Extracted material: Begin
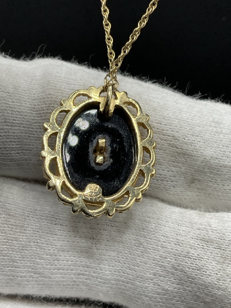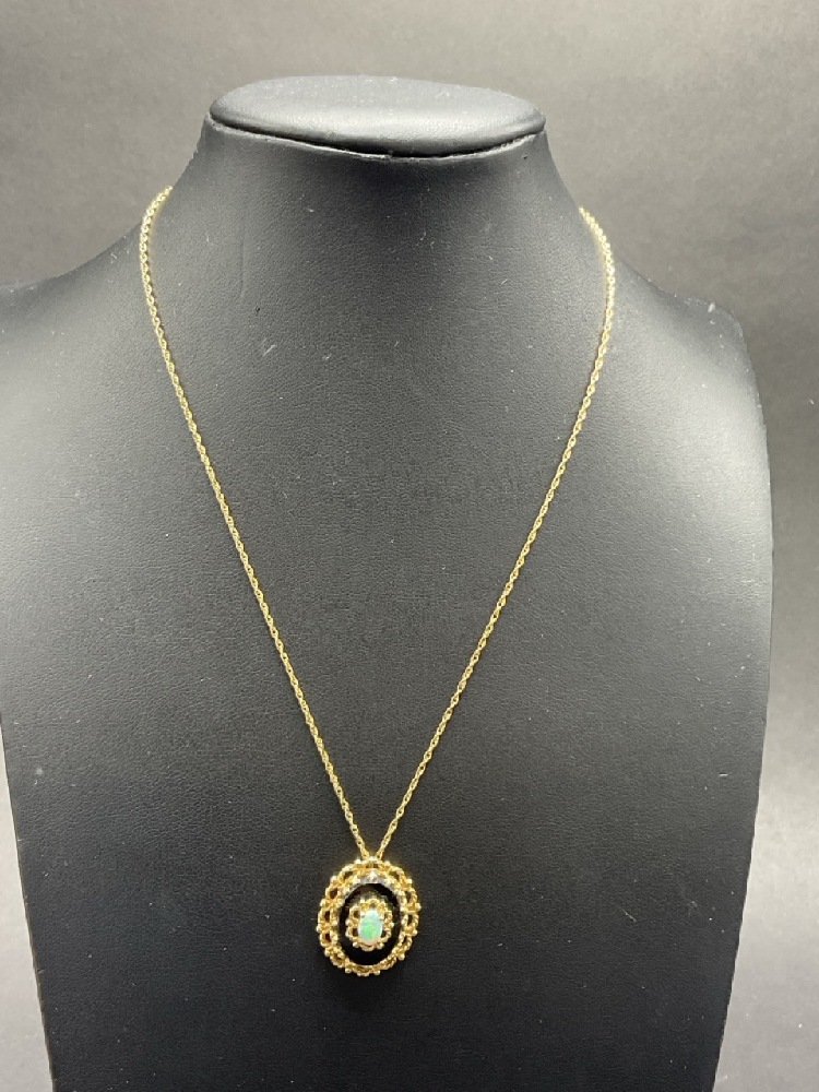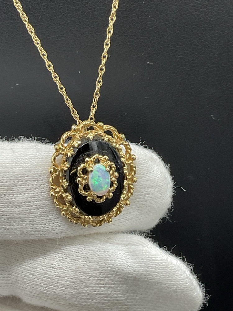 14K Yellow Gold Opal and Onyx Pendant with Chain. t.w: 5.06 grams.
Extracted material: End
Extracted material: Begin
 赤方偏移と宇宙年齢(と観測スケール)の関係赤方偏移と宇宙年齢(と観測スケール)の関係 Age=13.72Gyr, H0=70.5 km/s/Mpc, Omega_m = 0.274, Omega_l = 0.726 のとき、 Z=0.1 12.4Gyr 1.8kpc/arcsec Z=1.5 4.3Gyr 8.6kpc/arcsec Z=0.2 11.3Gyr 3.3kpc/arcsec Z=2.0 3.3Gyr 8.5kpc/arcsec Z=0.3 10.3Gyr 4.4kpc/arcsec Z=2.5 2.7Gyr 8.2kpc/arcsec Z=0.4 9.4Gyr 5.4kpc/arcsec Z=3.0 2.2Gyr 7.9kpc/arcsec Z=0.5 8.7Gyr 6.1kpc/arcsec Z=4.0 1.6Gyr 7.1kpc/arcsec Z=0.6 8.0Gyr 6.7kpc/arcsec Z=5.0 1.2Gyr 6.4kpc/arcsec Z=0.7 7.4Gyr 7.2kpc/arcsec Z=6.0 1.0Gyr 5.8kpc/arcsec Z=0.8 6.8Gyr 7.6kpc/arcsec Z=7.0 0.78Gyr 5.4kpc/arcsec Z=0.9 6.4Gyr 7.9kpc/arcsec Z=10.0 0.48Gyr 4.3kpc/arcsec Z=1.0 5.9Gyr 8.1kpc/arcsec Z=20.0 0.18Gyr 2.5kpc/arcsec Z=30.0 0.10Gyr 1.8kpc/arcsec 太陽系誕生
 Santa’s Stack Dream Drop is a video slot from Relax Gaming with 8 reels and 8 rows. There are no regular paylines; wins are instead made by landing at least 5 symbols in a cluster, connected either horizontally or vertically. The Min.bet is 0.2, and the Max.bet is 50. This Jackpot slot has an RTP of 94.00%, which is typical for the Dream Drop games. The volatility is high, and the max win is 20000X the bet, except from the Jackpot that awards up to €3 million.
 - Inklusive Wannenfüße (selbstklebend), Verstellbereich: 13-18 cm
Extracted material: End
About this task
For this exercise, please output exactly the lines above starting at the line with "Santa’s Stack Dream" and ending at the line with "- Inklusive Wannenfüße", ends included.

Solution for this task
 Santa’s Stack Dream Drop is a video slot from Relax Gaming with 8 reels and 8 rows. There are no regular paylines; wins are instead made by landing at least 5 symbols in a cluster, connected either horizontally or vertically. The Min.bet is 0.2, and the Max.bet is 50. This Jackpot slot has an RTP of 94.00%, which is typical for the Dream Drop games. The volatility is high, and the max win is 20000X the bet, except from the Jackpot that awards up to €3 million.
 - Inklusive Wannenfüße (selbstklebend), Verstellbereich: 13-18 cm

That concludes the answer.